The Kick-off Meeting (90 minutes)
The owner chairs (same rule as the AI Strategy Meeting). The tech advisor facilitates. A note-taker captures into the projected spreadsheet.
Phase 1 — Frame (10 min)
Which workflow today? Atomic, JTBD-named, with a defender in the room. Write the name on the diagram before anyone else speaks.
Phase 2 — Trace + CMSD (45 min)
Walk the one unit end-to-end. For each step: verb (C/M/S/D), owner (human/agent/system), input, output, time, tool. No skipping. No "usually we…". Hop count visible in the corner; update as the trace grows.
Friction in this phase is the deliverable. Steps that "everyone knows" turn out to have three undocumented sub-steps. Senior specialists are discovered doing work the owner thought was automated.
Phase 3 — Classify (15 min)
Sort every step into Real · Artifact · Hybrid. Compute waste ratio (Artifact hops ÷ total hops) on the paper. Tag each Hybrid step with which sub-part is Real (the judgment) vs Artifact (the assembly around it).
Phase 4 — Rough Score + First Target (10 min)
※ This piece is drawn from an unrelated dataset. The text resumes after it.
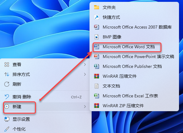 10、在桌面空白处,鼠标右击选择【新建】选择【Microsoft Word 文档】。

Run the scorecard at rough level: one pillar score per pillar from the room's evidence. Compute rough Pilot Fit. Nominate the first-target task: the highest-waste Artifact-or-Hybrid Task Row on the critical path inside the chosen workflow.
Phase 5 — Settle (10 min)
Set the AI Strategy Meeting date. Name the business-logic-doc backlog (every Task Row where Prompt is "lives in someone's head"). Confirm who runs the analyst pass and by when.
Pre-Meeting Brief
The tech advisor sends three things before the kick-off:
- The unit-of-work request — "Bring one instance of [workflow] you can walk us through start to finish, with the tools open in front of you." Without the live unit, the kick-off becomes theoretical.
- The frame — this page, or a one-pager summary. The owner does not need to be expert in the vocabulary, but the room should not be learning it during the trace.
- The spreadsheet — blank Tier 1 and Tier 2 column sets, ready to project.
Outputs
In-room (90 minutes, paper + projected spreadsheet)
- Trace — one unit walked end-to-end with verb, owner, input, output, time, tool per step
- Classification — every step tagged Real, Artifact, or Hybrid
- Hop count — current state number marked visibly on the diagram
- Rough Pilot Fit — one pillar score per pillar, rough composite
- First-target nomination — highest-waste Artifact-or-Hybrid Task Row on the critical path
- Logic-gap list — every Task Row where Prompt was "lives in someone's head"
Analyst pass (3 hours within 48h)
- Four maps to gate quality — Outcome, Value Stream, Dependency, Capability
- Two-Tier Matrix complete — Workflow Row + N Task Rows, all columns filled
- Normalised scorecard — raw evidence, per-pillar 1-5 against rubric, Pilot Fit
- Pilot Fit ranking — this workflow positioned against any other workflows previously traced
- Strategy-meeting pack — one-paragraph first-target recommendation backed by trace evidence
Critical distinction — Pilot Fit ranks Workflows, not Tasks
Pilot Fit scores a Workflow Row — the entire JTBD as a single bet. The first-target Task Row is then chosen inside the highest-ranked workflow as the highest-waste Artifact-or-Hybrid step on the critical path. Tasks do not carry their own Pain × Waste × Readiness × Confidence × Risk profile. Rank workflows; nominate tasks within the winner.
After the Kick-off
The kick-off does not authorise build. Three more gates:
- AI Strategy Meeting — owner decides which first-target Task Row to fund, with cost in dollars and hours, and a review date.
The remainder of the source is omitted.